I know this comment is to bait me into geeking out about all the philosophy in The Matrix , so I ignore it. “Things in the real world are mere imitations of the ideal forms. So, for example…” I gesture at the micro-microwave. “Somewhere—don’t ask me where—exists the Platonic ideal for a microwave, and ours is a lousy imitation of that ideal.”

“Which can be said of a microwave inside the Matrix,” Abigail says triumphantly.

I shrug. “Maybe that’s what I’ll learn in the lecture, but I’ll never know unless I’m awake. There’s a reason everyone calls our professor Ambien.”

Finally, she leaves the issue of coffee with Mason alone, and we have breakfast and caffeinate before I rush to my lecture.

I’m sitting in front of an ice rink, eyes bulging at the sight of the players: all naked as mole rats, but much, much hotter.

Then I spot Mason, and he’s hotter than all his comrades combined, and that’s before I notice his tight fist clenching his hockey stick and his other fist stroking his hard cock.

Everyone around me cheers, as if jointly urging Mason to come.

Meeting my eyes, Mason gives himself an expert stroke and adroitly sends the puck into the opposing team’s goal.

Not sure which stick he used for that, but it turns me on unbearably.
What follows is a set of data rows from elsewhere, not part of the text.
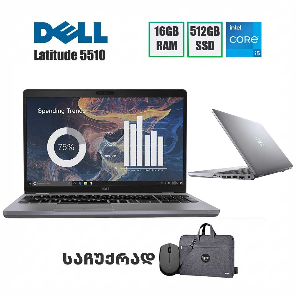 DELL-ის ძლიერი სამუშაო ლეპტოპი Latitude 5510 განსაკუთრებული მონაცემებით! 15.6" IPS FHD ეკრანი, 4 ბირთვიანი/8 არხიანი მე-10 თაობის i5 პროცესორით (i5-10210U), 16GB  DDR4 მეხსიერებით და ახალი 512GB M.2 NVME მყარი დისკით. ლეპტოპს მოყვება ლიცენზირებული Windows 11 Pro.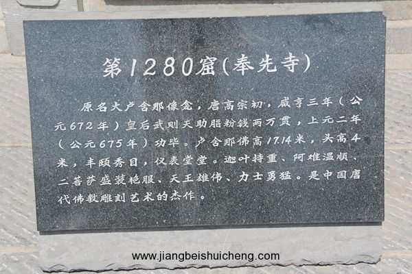 龍門石窟龍門石窟是中國石刻藝術(shù)寶庫之一,是國家AAAAA級景區(qū),位于洛陽南郊伊河兩岸的龍門山與香山上。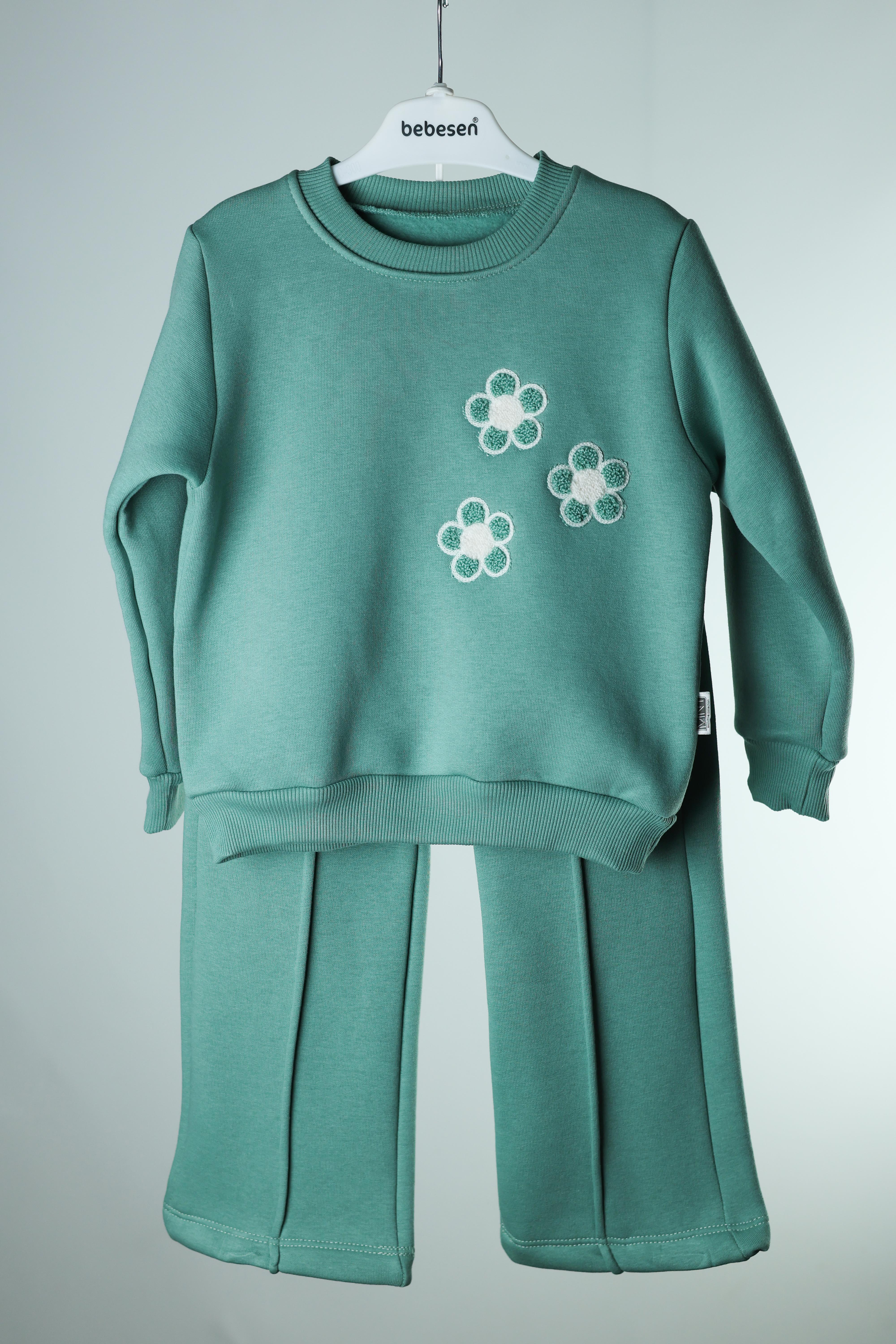Çiçek Nakışlı Kız İkili Takım - 2-5 Yaş - Yeşil (2228-5)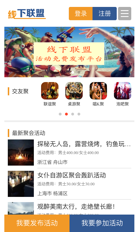 線下聯(lián)盟app是一款有關(guān)于線下聚會活動的手機聊天交友軟件,用戶可以通過軟件發(fā)布線下活動約其他人一起玩耍,還可以參加別人發(fā)布的感興趣的活動,在工余閑暇時間認(rèn)識更多有趣的優(yōu)質(zhì)朋友。

Though I’ve never thought of myself as an exhibitionist, I ignore all the people around me as my hand sneaks into my panties and my finger circles my clit. Once. Twice.

“Sophia!” Mason screams as his strokes intensify. “I’m coming for you, Sophia. Sophia!”

“Sophia?” the voice of Professor Ambien is like a cattle prod poking me in the butt.

Fuck me. Despite the precautionary cappuccino, I’ve still managed to doze off and drool all over my desk.

“Care to tell us in what text the Theory of the Forms was first introduced?” Ambien asks nastily.

I rub my crusty eyes. “ Phaedo ?”

Ambien looks disappointed. “You should thank Zeus for your habit of studying ahead. Class participation is twenty percent of your final grade, and you almost lost it.”

Shouldn’t he invoke Morpheus as his Greek god of choice, seeing how that’s the dream deity and all?

“In any case,” Ambien drones on, “In The Republic , Plato?—”

My eyes become heavy again immediately, so I bite my tongue to stay awake.

The last thing I want is to return to that dream where I saw Mason naked.